If a farmer eats at a restaurant and takes the leftovers home, is that farm-to-table-to-farm?

When no one was looking, restaurant owners came up with a new term for their cuisine..they said, "Let's call it Farm To Table, and then people will figure that the string beans they are eating were hanging on a pole in some farmer's back yard three hours ago.

Listen, I know there is a diffy-diff between fresh chow and something that has Libby's Libby's Libby's on the label label label. Why, young barefoot Mark would run to the back 40 and grab corn off the stalk, shucking it on the way back to the house, once the water was boiling in the big stockpot, so when I gobbled corn on the cob back then, the corn was as fresh as could be.  That was the great thing about the life in the real Farmville...our house bordered a big farm and we were able to get corn and berries and melons and pay the farmer at his stand down by the church on Sundays.  
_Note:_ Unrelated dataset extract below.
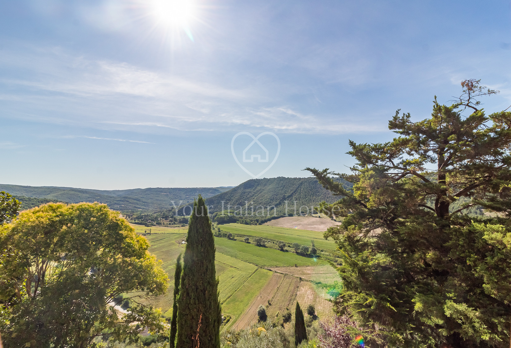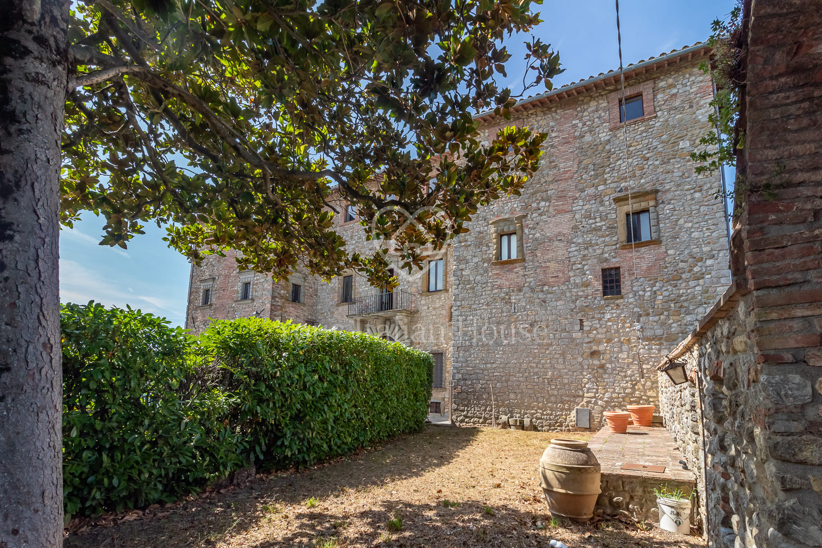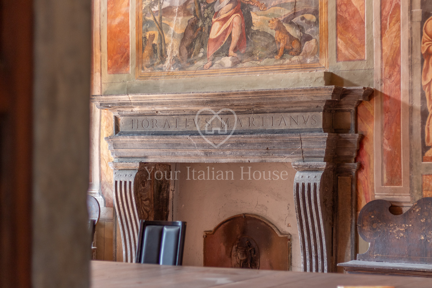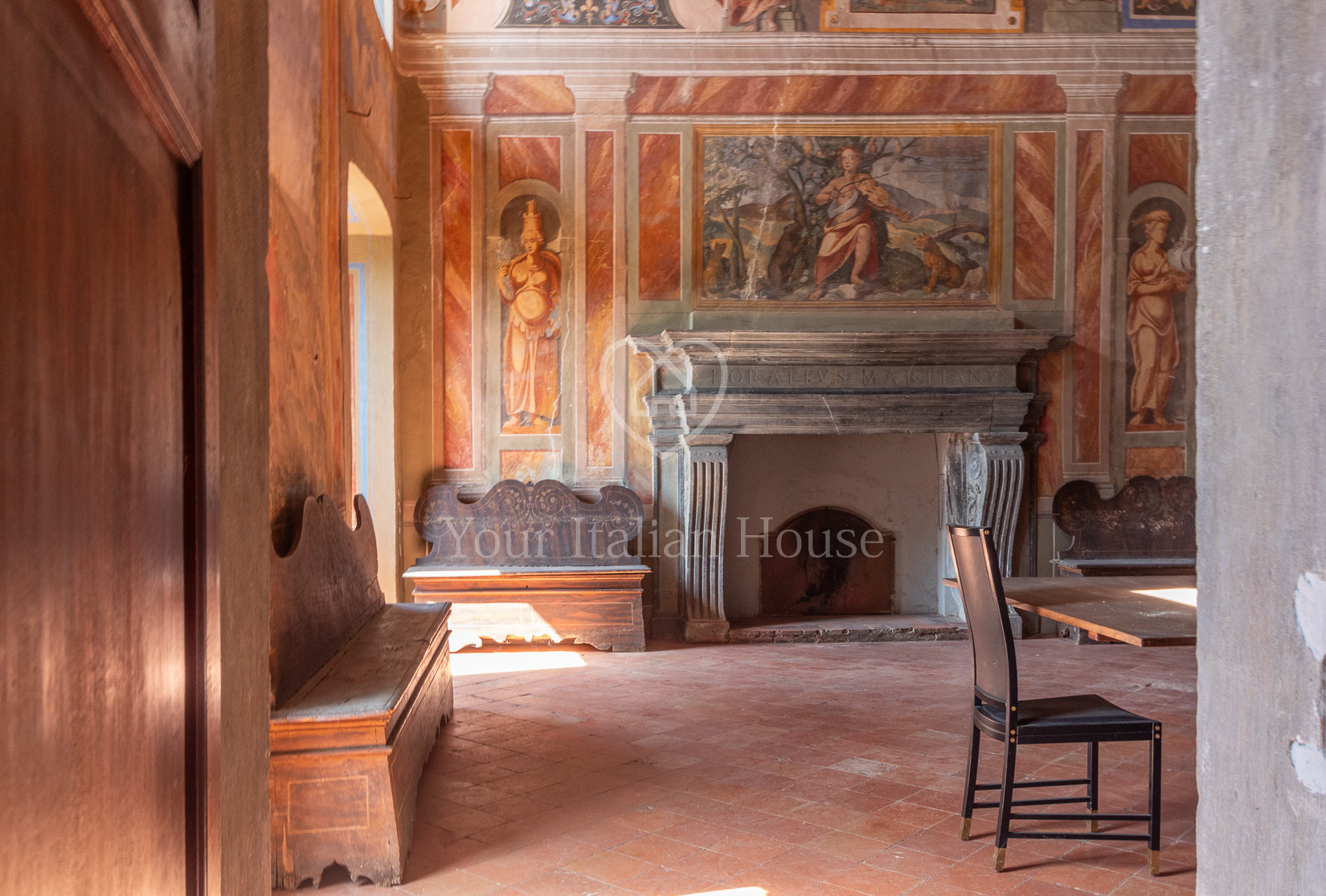 The work, initially Roman, was modified in the Middle Ages and gradually took the form of a noble residence; the Filippeschi family, owners of the castle, lived there until 1602. The castle retains its layout from the Renaissance period: it is built around a courtyard with a well, with square columns with arches that support the galleries on the upper floor, with the imposing stone staircase on one side. Around the end of the 16th century, the history of the castle is intertwined with the history of the Counts of Marsciano, to whom we owe the facade overlooking the square and the related rooms, the monumental entrance embellished by the balcony supported by sculpted corbels, of which the central one bears the Marsciano coat of arms and the redecoration of the Sala Caminata, with the monumental fireplace in pietra serena bearing the name of the then owner, Horatius Martianus, engraved on it. After Orazio, the castle passed to the eldest son and remained in the hands of the Marsciano family until 1866. Castello sulla Valle is a true treasure chest, waiting to be discovered. The main entrance is on the ground floor, directly from the town square; from here you access the driveway courtyard with internal porch. On one side we find a first wing of the castle, with rooms that follow one another: a living room, a study, a kitchen, two bedrooms, a bathroom, a laundry area, two closets, a warehouse and a garage; on the other side of the courtyard we find another wing with two living rooms, a lounge, a living room entrance, a dining room, a kitchen, a bedroom, a bathroom and a toilet. The first floor is accessed via the large stone staircase. The floor is made up of eight bedrooms, four bathrooms, two toilets, two studies, a living room, a wardrobe room and the Sala Caminata entirely decorated on the walls with mythological themed pictorial cycles. Of notable value is the family tree of the Marsciano family which is located right in front of the large stone fireplace; on the upper band there are the coats of arms of the Counts of Marsciano alternating with scenes of biblical subjects. The hall retains decorated coffered ceilings and has the Paris de Philippensibus engraving on the door jambs. The frescoed ceilings of the rooms on the floor are splendid. Also on the first floor we find the chapel dedicated to the Blessed Vanna, belonging to the Filippeschi family, who was born in the Castle in 1264. The first floor is completed by a terrace of approximately 5 sqm which is located above the monumental door. The second floor is used entirely as an attic which extends over the entire surface of the floor, which is connected to the first floor by the main internal staircase and a characteristic stone spiral staircase. On the third mezzanine floor we have two storage rooms and a panoramic terrace of approximately 15 sqm created inside a pitch of the roof. In the basement there are rooms used as storage and warehouse, technical rooms, a tank for collecting rainwater and other rooms. Castello sulla Valle is a fascinating architectural and artistic jewel, ready to be exploited to its full potential.

You will never get that much flavor out of a can or frozen bag o'corn.

And beyond certain curiosities such as New York City eateries being able to offer "local" honey because there is a certain goodness from the pollen gathered in Central Park and all those high-rise flower pots on the Lower East Side, all that gourmet grindage you enjoy at Chez Quis comes from somewhere. Assuming that the lumps in your crabcake did not come from the chef's crabtraps on Middle River, does it matter if they are lumps from Carolina or Florida or elsewhere?

It didn't take long for a reporter from the Tampa Bay Times to investigate the claims of farm-to-tableness and find many of them bogus.

My thing is, having heard so many stories about diners substituting cutout circles of shark for scallops (and this is really awful when they use a pool shark!) or lobster bisque that is totally devoid of lobster, just serve me what I order and don't try faking me out by claiming it's local or never frozen or never canned.  

And, yes, please, I will need a go-box.